Greene achieved her goal in Iron Bike; she finished in the top 30. There were around a hundred international competitors, of which only three were women - and she wore the women’s leader jersey for the first five days of the race. Greene placed 2nd woman after a very close race with the female 1st place achiever, and 28th overall. It is a massive achievement to even be an official finisher as certain sections of the event had to be completed in set time frames which made the whole race more demanding. The demands for Greene went on after the race was over each day. “I really should have had a support crew with me. Every evening was like a puzzle with trying to fit in bike and body cleaning, eating, washing riding kit, pitching my tent, trying to get to sleep at a reasonable time. Not all things were achieved every day to the level they should have been which hampered my performance a little unfortunately”. Even getting clear about instructions can be challenging when it is in another language, also adjusting to other cultural differences – “For a Kiwi it was a bit of a culture shock to find scrambled eggs, soft cheeses, bruschetta and endless amounts of nutella on mouth destroyingly dry crusty bread, however I was that hungry and in need of energy that it all went down and tasted fantastic. However, over all the experience, scenery and people made it an extraordinary week”.
“Competitors in long distance events can peak in their mid-thirties” observes Greene, who is 32, so she’s still got some time on her side.
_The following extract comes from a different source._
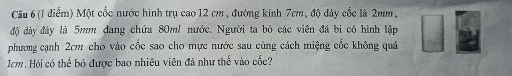 Số viên đá tối đa có thể bỏ vào cốc để mực nước sau cùng không quá `1cm` :

Her winter job on Ski Patrol at Coronet Peak helps contribute to her fitness then 12 – 15 hours training a week, coached by Val Burke of Wanaka, fits around that. She lives her passion for her sport, and her summer job is at R & R Sports which is where she met her partner Tom Lamb, who does his share of cycle racing. Lamb is originally from Scotland so it will be a visit home for him when he accompanies Greene to her 24 hour World Champs 11th/12th October. Having him there will mean that Greene will have a support crew and no doubt she will draw on her incredible mental and physical stamina as well. It couldn’t’t be done without it. The pair will pay their way to the race at Fort William in Scotland as Greene also did to Italy and to previous World Champs in Australia and other stage races in South Africa and Mongolia. It is her enduring can do attitude, her gratitude for the sponsorship of some gear that comes her way and the support of those who follow her that see her representing New Zealand. Strongly riding, biking round the clock on tracks that would scare most people in daylight.